Thursday, February 17, 2005

havent done much thought-reflection. perhaps its because i am at peace with myself and my choices, and all i have to do is live them until the next phase in life sets stage. the things that i have come to realize is the importance of understanding that i have options and i have the freedom of choice. being that i will no longer be bound by certain groups of people nor will i be surrounded by an environment that is caustic and filled with reprimands of a sort, i need to start building my own ways of doing things such that i will be prepared come time to impart certain widsom.

not that i plan on doing that anyway because i believe in molding the natural and non-coerced ways. but at the same it feels good to have a backup plan in case something bad happens.
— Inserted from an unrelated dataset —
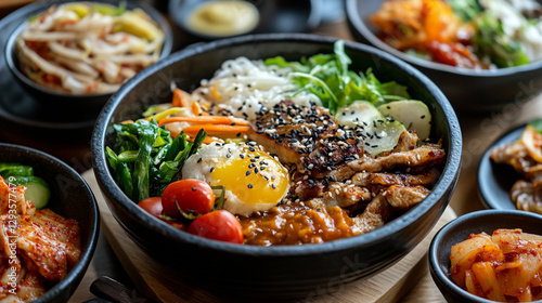 bowl, chicken, egg, asian, food, meal, lunch, tasty, fresh, spicey, sauce, healthy, dinner, cookery, japanese, korean, vegetarian, receipe, eatery, epicure, savoury, colourful, vegetable, noodle, sesame, plate, cooking
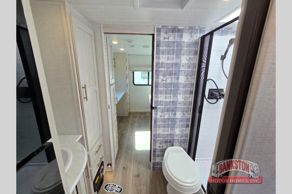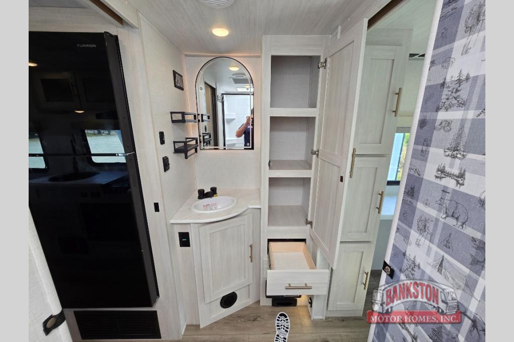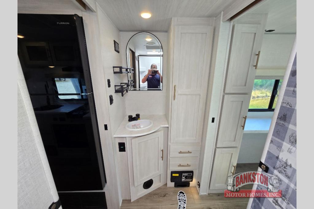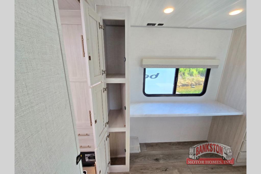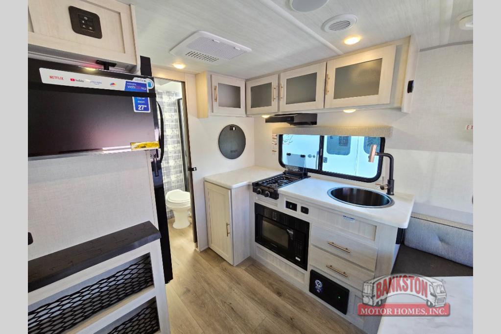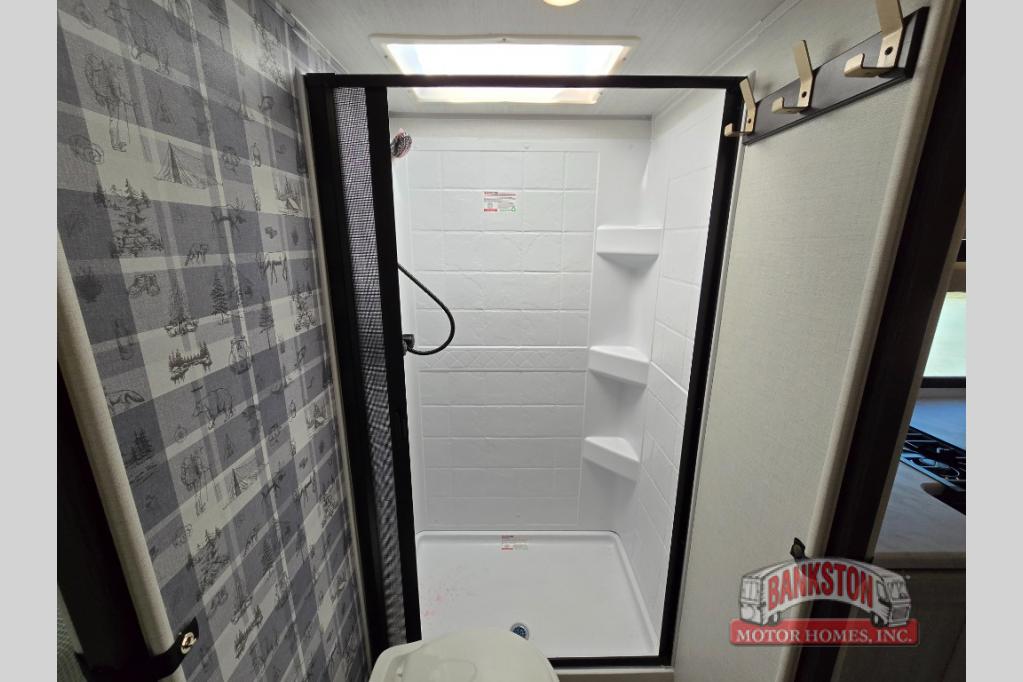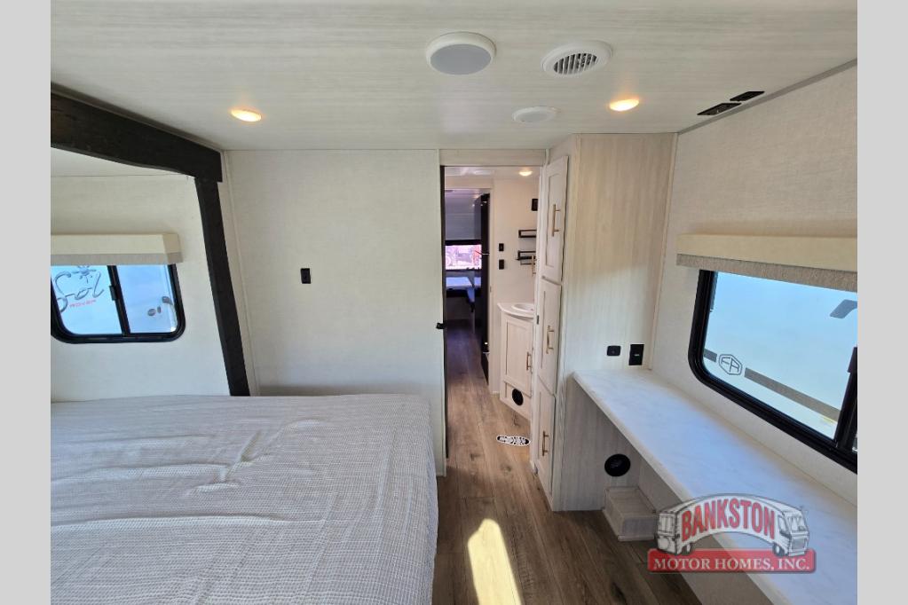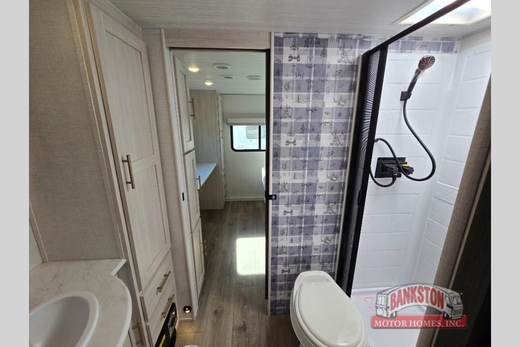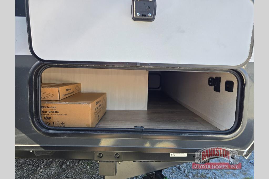 Time spent in this travel trailer will be time well spent! You will have all the comforts of home, including a private bedroom with two wardrobes, a queen bed, and a desk/dresser that will allow you to get some work done if needed. The front U-shaped dinette with a swivel dinette table will double as dining and sleeping space, and the walk-through bath will be easily accessible for everyone to use. You can prepare meals on the two burner cooktop, or use the convection microwave. There is also a 12V black glass 12V refrigerator for food storage and plenty of counter space to prep meals.

in many ways i feel like a child, still wondering and yearning for the one key knowledge that will set me free from all these bindings and i wish i was strong and bold enough to take a step out of the coccoon that has been tightly wrapped around me since birth. at the same time, being brainwashed in so many different ways and degrees has made me this person who is awanting freedom yet awaiting the punishment for WANTING that freedom. it is blasphemous, i know. no one thing or person should make me feel this way, and i am not really pointing fingers at particular sects or societies, and yet.. you cant help but wonder, how would life have been for me had i been raised in different ways under different school of thoughts, and would i have been able to embrace that belief.

difficult choices to make at this brink of adulthood, when one would assume that everything should have been figured out by now. life certainly does start creeping up on you and the moment you realize that you aren't getting younger, you will start to feel the pressure. is it enough to just live life and be true to yourself and good to others, or does life entail other constrictions and commandments that need to be fulfilled before life expires here on earth?